Home Sickness
Chih-Ying Lay
Darryl Sterk
March 2020
Connecting is not easy, but proximity is unbearable. The characters in these brilliant and intense stories are longing for escape, but they inevitably find themselves homesick.
Chih-Ying Lay, a Taiwanese-Canadian, explores our desperate need for beauty and belonging–-and the cost when what is found is the opposite of both. Lay’s characters are outsiders, whether queer, indigenous, unloved, or lost, and each discovers that home is not the sanctuary it was meant to be. Sometimes, however, they find a place to call their very own, as if to tell the reader: You can, too.
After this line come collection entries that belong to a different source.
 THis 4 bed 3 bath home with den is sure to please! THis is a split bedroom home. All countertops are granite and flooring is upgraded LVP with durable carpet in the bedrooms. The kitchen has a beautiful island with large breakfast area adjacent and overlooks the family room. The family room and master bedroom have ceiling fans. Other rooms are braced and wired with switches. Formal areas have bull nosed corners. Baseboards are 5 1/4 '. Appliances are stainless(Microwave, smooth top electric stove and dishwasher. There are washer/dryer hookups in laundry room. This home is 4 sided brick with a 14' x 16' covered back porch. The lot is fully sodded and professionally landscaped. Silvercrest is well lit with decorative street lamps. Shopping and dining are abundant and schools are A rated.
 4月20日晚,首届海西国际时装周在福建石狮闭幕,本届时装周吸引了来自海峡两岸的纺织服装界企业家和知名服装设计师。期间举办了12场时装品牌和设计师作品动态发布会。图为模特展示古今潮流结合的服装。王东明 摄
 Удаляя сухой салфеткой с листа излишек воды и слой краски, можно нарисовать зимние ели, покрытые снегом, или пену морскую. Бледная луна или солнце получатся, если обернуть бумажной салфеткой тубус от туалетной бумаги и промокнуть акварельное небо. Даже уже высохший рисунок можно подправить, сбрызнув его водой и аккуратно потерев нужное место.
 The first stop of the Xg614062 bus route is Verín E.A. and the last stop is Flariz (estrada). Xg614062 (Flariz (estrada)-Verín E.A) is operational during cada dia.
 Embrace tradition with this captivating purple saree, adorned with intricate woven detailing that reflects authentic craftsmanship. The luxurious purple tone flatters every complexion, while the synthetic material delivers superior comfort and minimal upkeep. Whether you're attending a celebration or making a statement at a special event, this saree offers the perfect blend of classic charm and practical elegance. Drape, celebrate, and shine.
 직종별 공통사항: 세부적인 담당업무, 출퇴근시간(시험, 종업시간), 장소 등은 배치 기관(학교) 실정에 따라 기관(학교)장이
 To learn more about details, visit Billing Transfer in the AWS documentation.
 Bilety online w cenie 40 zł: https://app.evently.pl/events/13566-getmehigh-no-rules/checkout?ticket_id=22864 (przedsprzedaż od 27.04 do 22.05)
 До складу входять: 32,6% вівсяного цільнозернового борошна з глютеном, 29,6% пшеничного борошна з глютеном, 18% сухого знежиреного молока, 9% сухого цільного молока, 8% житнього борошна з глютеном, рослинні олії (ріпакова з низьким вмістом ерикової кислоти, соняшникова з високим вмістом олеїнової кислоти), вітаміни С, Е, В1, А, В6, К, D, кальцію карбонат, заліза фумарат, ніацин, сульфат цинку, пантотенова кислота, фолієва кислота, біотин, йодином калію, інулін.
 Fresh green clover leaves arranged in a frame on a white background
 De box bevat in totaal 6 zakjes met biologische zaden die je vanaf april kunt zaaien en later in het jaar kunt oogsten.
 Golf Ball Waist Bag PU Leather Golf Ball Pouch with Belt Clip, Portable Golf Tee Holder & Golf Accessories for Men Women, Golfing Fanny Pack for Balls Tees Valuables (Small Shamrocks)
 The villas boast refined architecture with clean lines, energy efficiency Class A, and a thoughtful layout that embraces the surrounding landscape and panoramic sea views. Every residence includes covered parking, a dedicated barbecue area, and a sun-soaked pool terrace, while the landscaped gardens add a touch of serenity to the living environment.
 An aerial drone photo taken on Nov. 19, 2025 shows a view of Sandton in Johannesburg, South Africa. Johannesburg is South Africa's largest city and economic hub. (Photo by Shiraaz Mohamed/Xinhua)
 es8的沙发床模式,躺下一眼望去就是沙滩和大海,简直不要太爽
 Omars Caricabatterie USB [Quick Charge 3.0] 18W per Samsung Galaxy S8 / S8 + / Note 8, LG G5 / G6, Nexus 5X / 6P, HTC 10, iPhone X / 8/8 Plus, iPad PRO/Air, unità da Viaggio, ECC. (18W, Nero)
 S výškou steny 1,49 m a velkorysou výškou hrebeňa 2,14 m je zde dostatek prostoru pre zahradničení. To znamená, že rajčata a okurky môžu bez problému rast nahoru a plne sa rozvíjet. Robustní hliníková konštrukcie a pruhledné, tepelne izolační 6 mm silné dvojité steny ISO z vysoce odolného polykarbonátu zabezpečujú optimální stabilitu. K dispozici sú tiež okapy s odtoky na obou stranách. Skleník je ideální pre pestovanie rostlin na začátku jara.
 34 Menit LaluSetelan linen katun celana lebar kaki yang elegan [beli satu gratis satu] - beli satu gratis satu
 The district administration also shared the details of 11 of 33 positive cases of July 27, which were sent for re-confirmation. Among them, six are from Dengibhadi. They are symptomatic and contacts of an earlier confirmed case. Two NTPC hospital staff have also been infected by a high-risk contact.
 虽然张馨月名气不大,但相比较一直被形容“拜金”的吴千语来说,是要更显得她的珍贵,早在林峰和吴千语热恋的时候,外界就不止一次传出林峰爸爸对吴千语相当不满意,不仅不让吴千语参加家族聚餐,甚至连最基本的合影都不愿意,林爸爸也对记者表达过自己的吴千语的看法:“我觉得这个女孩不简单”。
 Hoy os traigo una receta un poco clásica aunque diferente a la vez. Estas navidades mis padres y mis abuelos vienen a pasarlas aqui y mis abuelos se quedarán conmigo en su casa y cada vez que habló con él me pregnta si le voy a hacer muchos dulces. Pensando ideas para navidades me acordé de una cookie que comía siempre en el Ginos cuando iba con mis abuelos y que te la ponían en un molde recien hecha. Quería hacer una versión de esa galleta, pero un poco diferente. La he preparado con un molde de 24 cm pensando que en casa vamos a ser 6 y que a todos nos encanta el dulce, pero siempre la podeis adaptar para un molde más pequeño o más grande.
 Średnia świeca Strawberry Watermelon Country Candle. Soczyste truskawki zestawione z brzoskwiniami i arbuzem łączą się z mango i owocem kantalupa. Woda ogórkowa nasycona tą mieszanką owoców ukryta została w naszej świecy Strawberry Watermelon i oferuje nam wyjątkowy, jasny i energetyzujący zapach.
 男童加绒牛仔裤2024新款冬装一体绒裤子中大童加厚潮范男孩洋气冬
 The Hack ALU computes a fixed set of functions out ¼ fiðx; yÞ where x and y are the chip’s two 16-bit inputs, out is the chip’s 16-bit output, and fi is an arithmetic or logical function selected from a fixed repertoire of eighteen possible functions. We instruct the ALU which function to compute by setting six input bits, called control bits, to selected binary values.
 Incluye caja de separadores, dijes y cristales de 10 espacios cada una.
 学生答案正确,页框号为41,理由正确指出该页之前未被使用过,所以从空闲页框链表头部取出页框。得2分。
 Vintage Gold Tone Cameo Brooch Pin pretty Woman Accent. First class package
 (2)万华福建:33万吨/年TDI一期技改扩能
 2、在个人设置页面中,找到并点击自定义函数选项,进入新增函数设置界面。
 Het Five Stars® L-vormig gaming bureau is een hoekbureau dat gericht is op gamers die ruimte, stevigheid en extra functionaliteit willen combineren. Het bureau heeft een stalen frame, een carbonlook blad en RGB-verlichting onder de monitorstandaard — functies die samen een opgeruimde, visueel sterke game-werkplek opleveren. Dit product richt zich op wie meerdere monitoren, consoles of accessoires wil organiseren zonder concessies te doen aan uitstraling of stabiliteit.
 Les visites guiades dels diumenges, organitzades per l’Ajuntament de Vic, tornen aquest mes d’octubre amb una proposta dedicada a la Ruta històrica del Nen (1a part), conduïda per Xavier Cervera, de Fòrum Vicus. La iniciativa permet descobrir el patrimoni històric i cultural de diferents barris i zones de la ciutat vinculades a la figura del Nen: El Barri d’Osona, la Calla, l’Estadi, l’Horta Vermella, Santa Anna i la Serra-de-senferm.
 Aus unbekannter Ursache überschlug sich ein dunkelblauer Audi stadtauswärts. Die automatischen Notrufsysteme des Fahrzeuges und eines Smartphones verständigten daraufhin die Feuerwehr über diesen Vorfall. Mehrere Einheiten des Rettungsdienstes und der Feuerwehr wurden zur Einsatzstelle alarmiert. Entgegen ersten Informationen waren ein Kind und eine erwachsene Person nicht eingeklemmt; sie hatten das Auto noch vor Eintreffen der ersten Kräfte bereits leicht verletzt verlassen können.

"Good writers create worlds -- great writers, glittering constellations. Chih-Ying Lay's debut collection makes my head spin. Diamond-hard, harrowing, melancholy, bawdy, erudite, his stories stream with blood, sperm, tears, piss, sweat, passion, loss. A medical student lovingly dissects the body of a dear friend who was a political dissident; a twisted sexual triangle develops between an artist, her nine-year-old son, and a day labourer; a young man whose mother is in chemo develops sympathetic symptoms all his own. By turns blunt, cynical, yearning, delicate, wounding, Home Sickness is the work of a true original. As one queer writer to another, I salute an astonishing new talent."
Will Aitken, Antigone Undone
Born in Taipei, CHIH-YING LAY came to Canada in 2008 to obtain his Ph.D. in Microbiology at McGill University. Stories from his first collection, The Escapist, published in Taiwan in 2008, have been awarded the Formosa Literature Prize and the Liberty Times Literature Prize. He has published a novel, The Ideal Family (2012), and another collection of short fiction, The Comic Lives of Losers (2016). A guest broadcaster both in Taiwan and for Radio Canada International in Montreal, Lay sings in Ensemble Sainte-Anne Singers and Musica Orbium. He works as a senior research scientist in Montreal.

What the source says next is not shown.